→ **Records supplied**
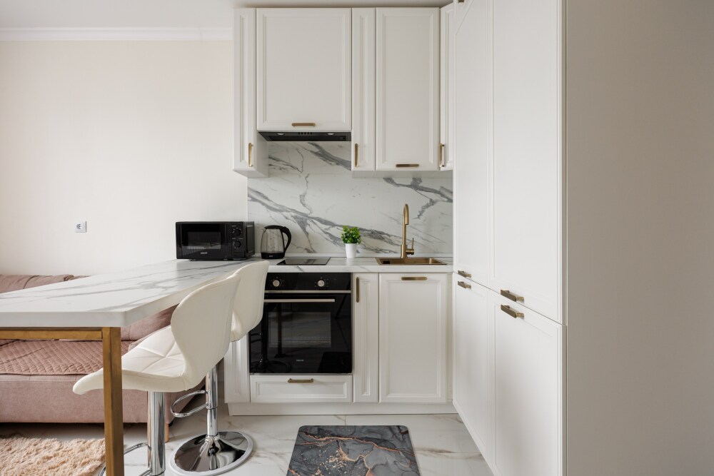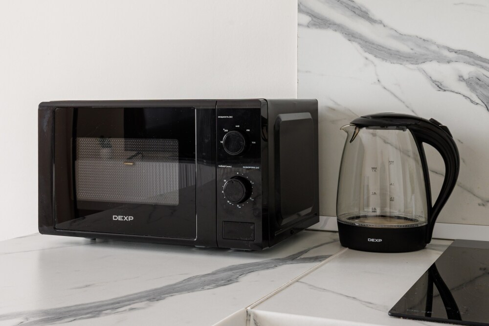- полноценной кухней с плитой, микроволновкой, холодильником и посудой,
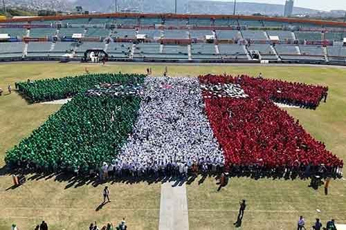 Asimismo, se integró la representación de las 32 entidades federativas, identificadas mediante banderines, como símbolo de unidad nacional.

--

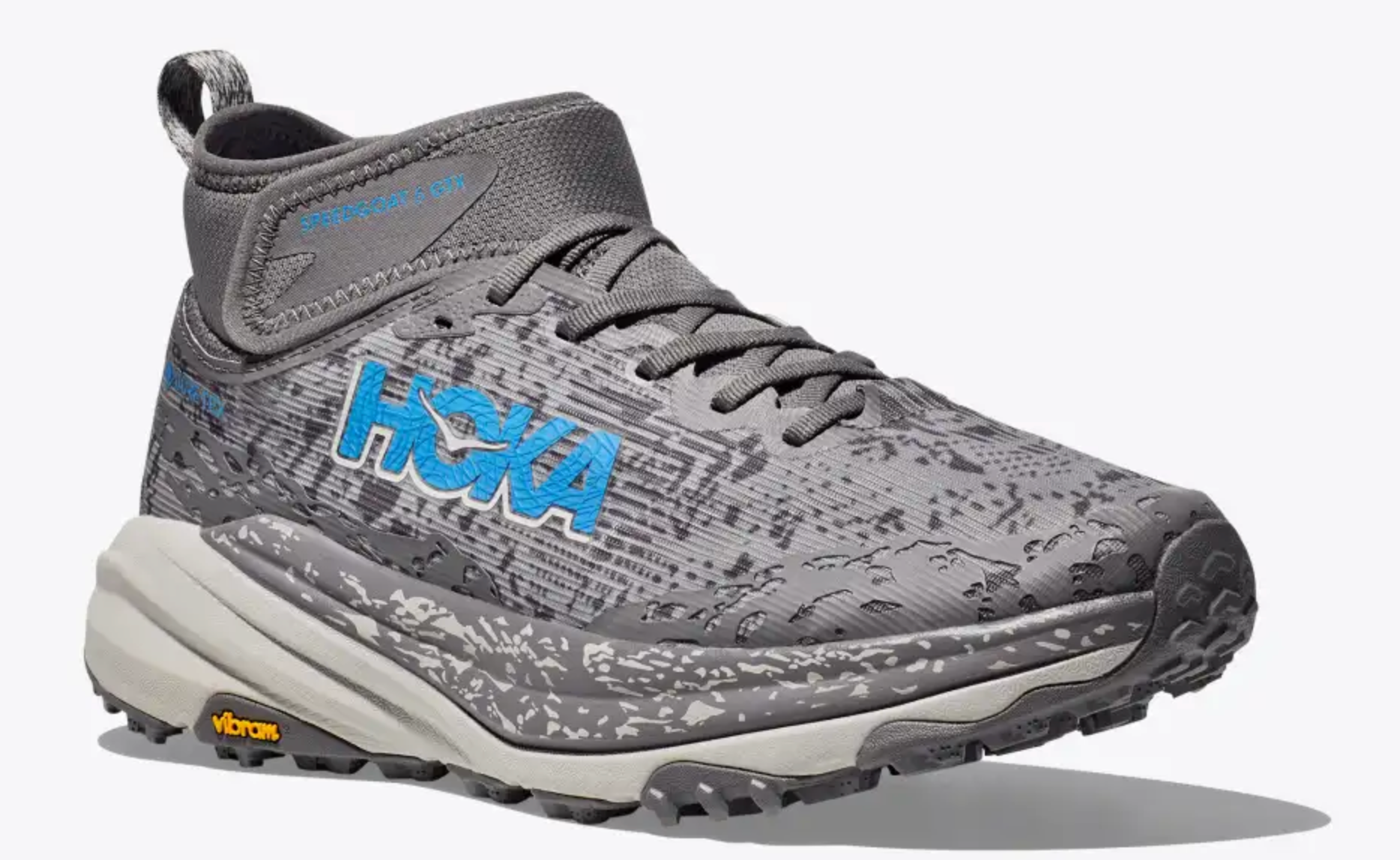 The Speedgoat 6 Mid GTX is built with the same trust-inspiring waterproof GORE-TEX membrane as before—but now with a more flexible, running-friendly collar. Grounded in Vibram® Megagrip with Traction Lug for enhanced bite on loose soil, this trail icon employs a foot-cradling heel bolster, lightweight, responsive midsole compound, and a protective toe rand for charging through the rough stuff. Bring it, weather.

→ **Exercise brief**
In the listing above, find the line containing "- полноценной кухней" and the line containing "Asimismo, se integró". Print those two lines and every line between them exactly, with no pictures.

→ **Task output**
- полноценной кухней с плитой, микроволновкой, холодильником и посудой,
 Asimismo, se integró la representación de las 32 entidades federativas, identificadas mediante banderines, como símbolo de unidad nacional.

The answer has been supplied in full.